= Lennu =

Dog of the Finnish president (2011–2021)

' (official name: Anjyr's Boreas, 7 March 2011 – 21 May 2021) was the pet Boston Terrier dog of President of Finland Sauli Niinistö and his wife Jenni Haukio. Lennu's father had come to Finland from Germany and his mother from Estonia.

Lennu was often present in official appearances by president Niinistö. The dog received international attention in social media when the American journalist Kelly Weil published two pictures of the dog taken by Heikki Saukkomaa on Twitter in February 2017. In the United States, Lennu was also briefly featured in The Tonight Show Starring Jimmy Fallon, showing Internet memes made from him. In May 2017, a picture of Lennu in Niinistö's lap was shown at Reddit in a forum where users competed in image manipulation. The Lennu challenge was so popular it was shown at the Reddit front page. The dog has also had a pastry named after him. Lennu was present in accepting Christmas greetings addressed to the president and was almost the leading character in the Yle News broadcast: he was very interested in the Christmas ham and pike.

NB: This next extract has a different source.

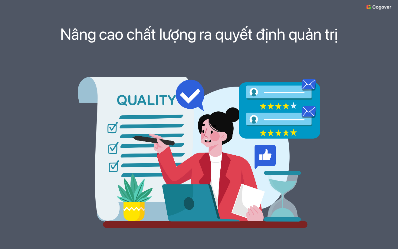 Quản lý rủi ro giúp các nhà quản trị có cái nhìn toàn diện và thực tế hơn khi đưa ra quyết định. Việc cân nhắc song song giữa cơ hội và rủi ro cho phép doanh nghiệp đánh giá chính xác mức độ ảnh hưởng của từng lựa chọn, từ đó đưa ra quyết định dựa trên dữ liệu và mức độ chấp nhận rủi ro cụ thể. Nhờ vậy, các quyết định chiến lược như đầu tư, mở rộng quy mô hay thay đổi mô hình kinh doanh sẽ trở nên thận trọng và hiệu quả hơn.
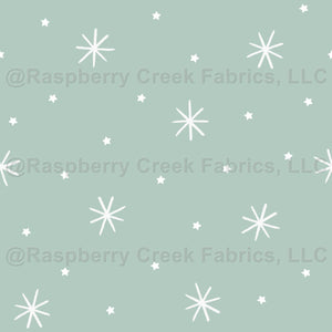 A soft powder blue background scattered with retro white snowflakes and stars. A whimsical winter coordinate for quilting, holiday crafts, or apparel. Designed to pair with the Happy Camper Christmas set for a snowy, vintage vibe.

In May 2020, president Niinistö announced that Lennu had been kept out of publicity because blunt-nosed dogs can have health problems, and the presidential couple thus did not want to keep their dog in the public eye. They had not known of the health problems caused by the breeding of this particular breed when acquiring the dog.

Lennu died on 21 May 2021 due to a pituitary gland tumor.